**TO DO**
Although the data below holds other lines too, output only those from the line with "12日のイベントではオープン" up to and including the line with "Triggeranode doesn’t replace", exactly as they appear.

**DATA FOR THIS EXERCISE**
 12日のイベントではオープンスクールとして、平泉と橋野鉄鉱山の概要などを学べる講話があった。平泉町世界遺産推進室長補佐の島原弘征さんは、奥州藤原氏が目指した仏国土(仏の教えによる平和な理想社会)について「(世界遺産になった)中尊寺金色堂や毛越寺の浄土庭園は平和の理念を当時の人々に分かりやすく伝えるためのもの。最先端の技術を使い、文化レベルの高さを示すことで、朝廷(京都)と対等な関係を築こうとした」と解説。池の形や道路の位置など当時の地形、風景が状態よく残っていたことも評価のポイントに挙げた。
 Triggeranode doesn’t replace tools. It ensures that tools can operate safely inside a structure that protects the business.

--

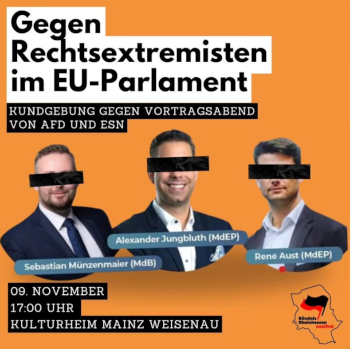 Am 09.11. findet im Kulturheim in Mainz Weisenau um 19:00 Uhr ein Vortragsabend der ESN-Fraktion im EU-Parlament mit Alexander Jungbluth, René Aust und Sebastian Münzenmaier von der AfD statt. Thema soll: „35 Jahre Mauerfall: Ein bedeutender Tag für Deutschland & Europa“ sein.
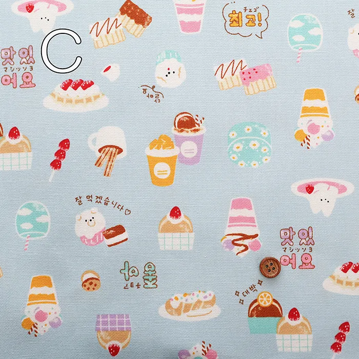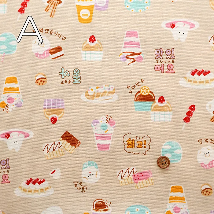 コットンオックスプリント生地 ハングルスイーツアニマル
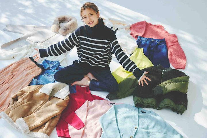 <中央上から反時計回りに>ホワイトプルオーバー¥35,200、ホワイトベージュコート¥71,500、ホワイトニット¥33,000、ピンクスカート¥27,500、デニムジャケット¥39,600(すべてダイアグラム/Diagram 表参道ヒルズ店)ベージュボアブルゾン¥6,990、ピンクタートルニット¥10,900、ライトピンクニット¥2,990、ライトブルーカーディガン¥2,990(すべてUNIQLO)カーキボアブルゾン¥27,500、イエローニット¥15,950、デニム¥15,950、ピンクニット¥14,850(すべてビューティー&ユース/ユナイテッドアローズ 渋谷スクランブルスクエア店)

...

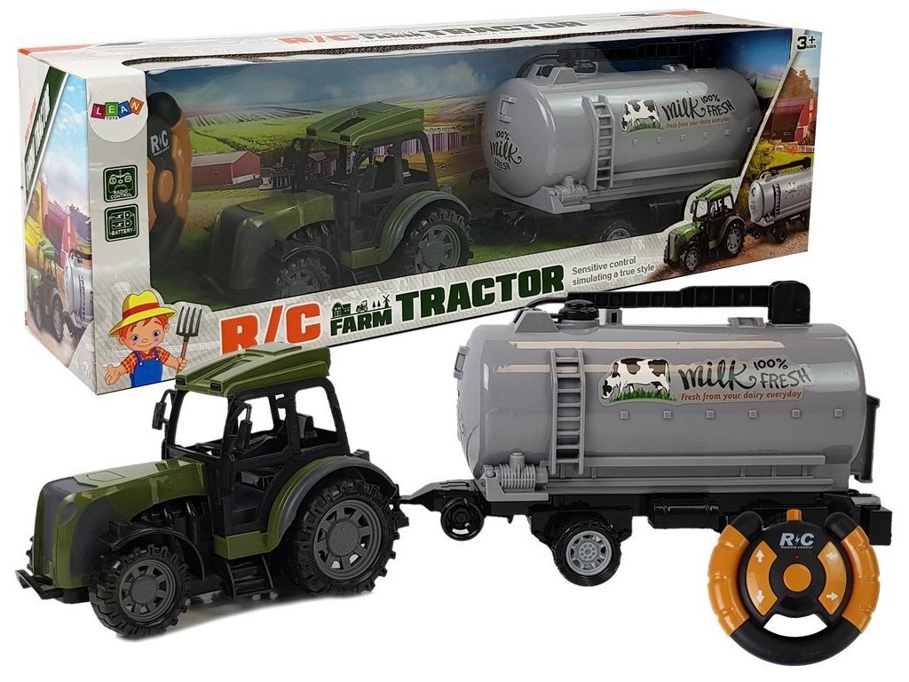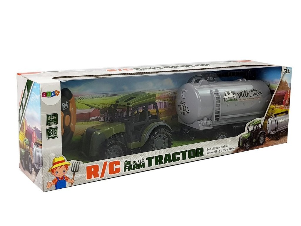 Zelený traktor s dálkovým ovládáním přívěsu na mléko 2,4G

**EXERCISE ANSWER**
 12日のイベントではオープンスクールとして、平泉と橋野鉄鉱山の概要などを学べる講話があった。平泉町世界遺産推進室長補佐の島原弘征さんは、奥州藤原氏が目指した仏国土(仏の教えによる平和な理想社会)について「(世界遺産になった)中尊寺金色堂や毛越寺の浄土庭園は平和の理念を当時の人々に分かりやすく伝えるためのもの。最先端の技術を使い、文化レベルの高さを示すことで、朝廷(京都)と対等な関係を築こうとした」と解説。池の形や道路の位置など当時の地形、風景が状態よく残っていたことも評価のポイントに挙げた。
 Triggeranode doesn’t replace tools. It ensures that tools can operate safely inside a structure that protects the business.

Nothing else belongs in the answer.